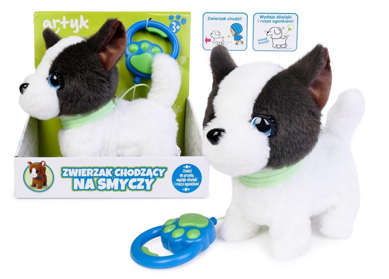W zestawie: zwierzak na smyczy wys. 21 cm, funkcje: po naciśnięciu przycisku na smyczy piesek: szczeka, macha ogonem, rusza głową, chodzi do przodu, wymiary opakowania 24,8 x 26 x 11 cm, baterie: 3 x AA niedołączone, 3+
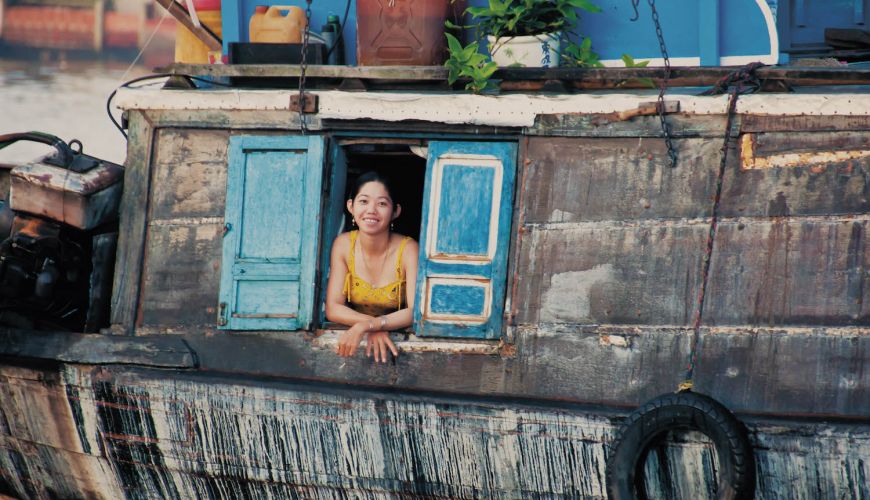 The rest of the day, we'll have a fun cruise, going by Phnom Penh's skyline and moving into the smaller Tonle River, heading north. Look forward to a multi-course dinner and a movie night for entertainment. We'll anchor in the middle of the Tonle River.
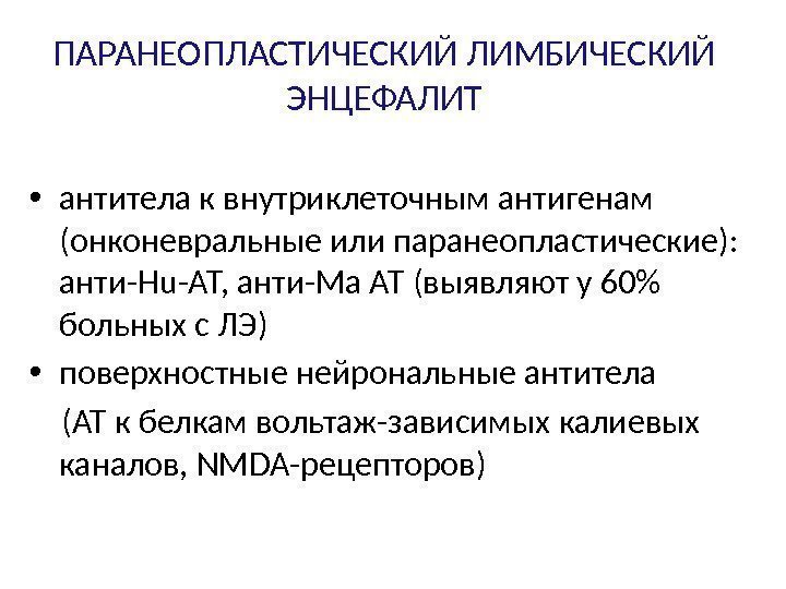 ПАРАНЕОПЛАСТИЧЕСКИЙ ЛИМБИЧЕСКИЙ ЭНЦЕФАЛИТ • антитела к внутриклеточным антигенам (онконевральные или паранеопластические): анти-Hu-АТ, анти-Ма АТ (выявляют у 60% больных с ЛЭ) • поверхностные нейрональные антитела (АТ к белкам вольтаж-зависимых калиевых каналов, NMDA-рецепторов)

————————

## [The task]
The answer is every line of the data, exactly as written, with the pictures dropped.

## [Result of this task]
W zestawie: zwierzak na smyczy wys. 21 cm, funkcje: po naciśnięciu przycisku na smyczy piesek: szczeka, macha ogonem, rusza głową, chodzi do przodu, wymiary opakowania 24,8 x 26 x 11 cm, baterie: 3 x AA niedołączone, 3+
 The rest of the day, we'll have a fun cruise, going by Phnom Penh's skyline and moving into the smaller Tonle River, heading north. Look forward to a multi-course dinner and a movie night for entertainment. We'll anchor in the middle of the Tonle River.
 ПАРАНЕОПЛАСТИЧЕСКИЙ ЛИМБИЧЕСКИЙ ЭНЦЕФАЛИТ • антитела к внутриклеточным антигенам (онконевральные или паранеопластические): анти-Hu-АТ, анти-Ма АТ (выявляют у 60% больных с ЛЭ) • поверхностные нейрональные антитела (АТ к белкам вольтаж-зависимых калиевых каналов, NMDA-рецепторов)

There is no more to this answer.